The Arizona Attorney General's Office has asked the state Supreme Court to set an execution date for a third death-row inmate who has exhausted his appeals.
Daniel Wayne Cook was sentenced to death for killing two men in Lake Havasu City in 1987. The court will consider the request in October or November. If a death warrant is issued, Cook, 49, will be put to death 35 days later.
On Sept. 21, the court issued a death warrant for Jeffrey Landrigan, 50, who killed a Phoenix man in 1989, but declined to issue a warrant for Richard Bible, who murdered a 9-year-old girl in Flagstaff in 1988.

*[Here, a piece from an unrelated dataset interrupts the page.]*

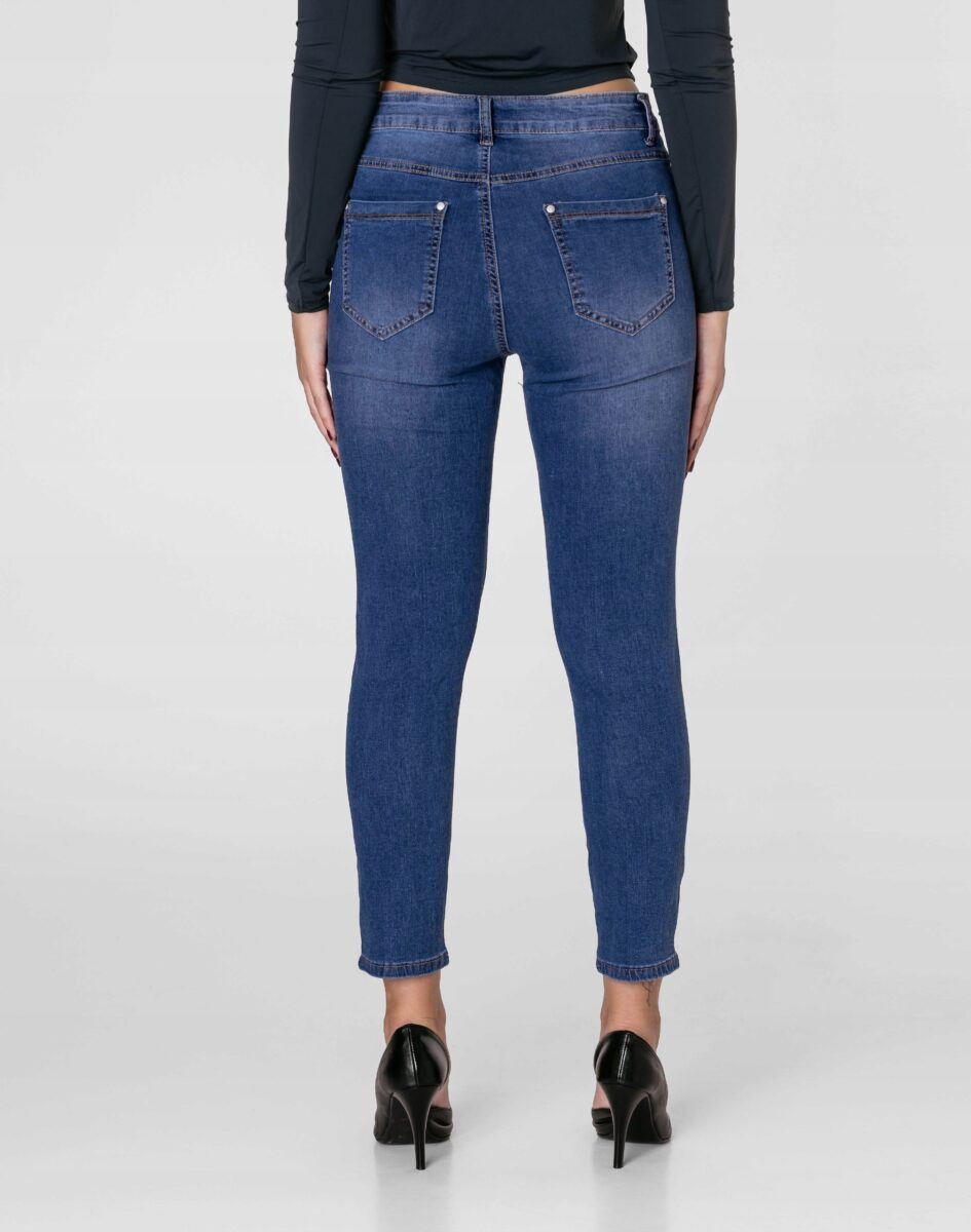 Oferowane przez nas spodnie uszyte są z wysokiej jakości, trwałej i mocnej, elastycznej tkaniny jeansowej „Light Blue Denim Jeans” z domieszką lycry (elastan). Niewielki dodatek lycry sprawia, że spodnie są bardziej elastyczne, ładnie dopasowują się do sylwetki i są bardzo komfortowe w użytkowaniu, a nogi wydają się się optycznie dłuższe. Krótsze nogawki 7/8 i delikatne przetarcia na spodniach nadają stylizacjom ciekawej nonszalancji i zadziorności. Łatwo się je zakłada i są znacznie wygodniejsze od jeansów, które lycry nie mają. Poza tym bawełna ma tendencję do kurczenia się w praniu, dlatego lycra sprawia, że spodnie są wyjątkowo praktyczne i można je bez problemu założyć po wysuszeniu. Pozwalają na pełną swobodę ruchów, co daje wygodę przy siadaniu i zapewnia ogromny komfort noszenia. Możesz je śmiało łączyć zarówno ze szpilkami (idealnie wydłużają kobiece nogi), jak i obuwiem sportowym lub czółenkami na wysokim obcasie, a Twoja stylizacja nabierze wyjątkowego charakteru. Zapewniają poczucie atrakcyjności przy jednoczesnym zachowaniu wygody i pełnej swobody ruchów.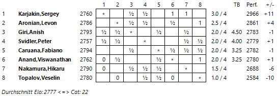Mit einem ELO-Schnitt von 2778 wird die Turnierkategorie 22 erreicht.

Landrigan is set to be executed by lethal injection on Oct. 26. But because one of the three drugs used in Arizona's lethal-injection procedure, which is codified by state and federal court decisions, is in short supply, the Arizona Department of Corrections must inform the court by Friday whether it can obtain enough to carry out the execution.
Executions in Kentucky and Oklahoma have been postponed because of the shortage of thiopental, a barbiturate.
A spokesman for the Department of Corrections declined comment.
But Assistant Arizona Attorney General Kent Cattani told The Republic that he believed the Corrections Department had located a source for the drug. And he believes that the state will obtain enough to carry out as many as four executions by the end of the year.
Cattani also said that if the drug was not available, the state would try to change the lethal-injection protocol to use a drug other than thiopental.
That approach failed in Oklahoma. And the federal court order approving Arizona's execution protocol states that any change could be challenged.
"We will take a close look at any changes," said Dale Baich of the Federal Public Defender's Office.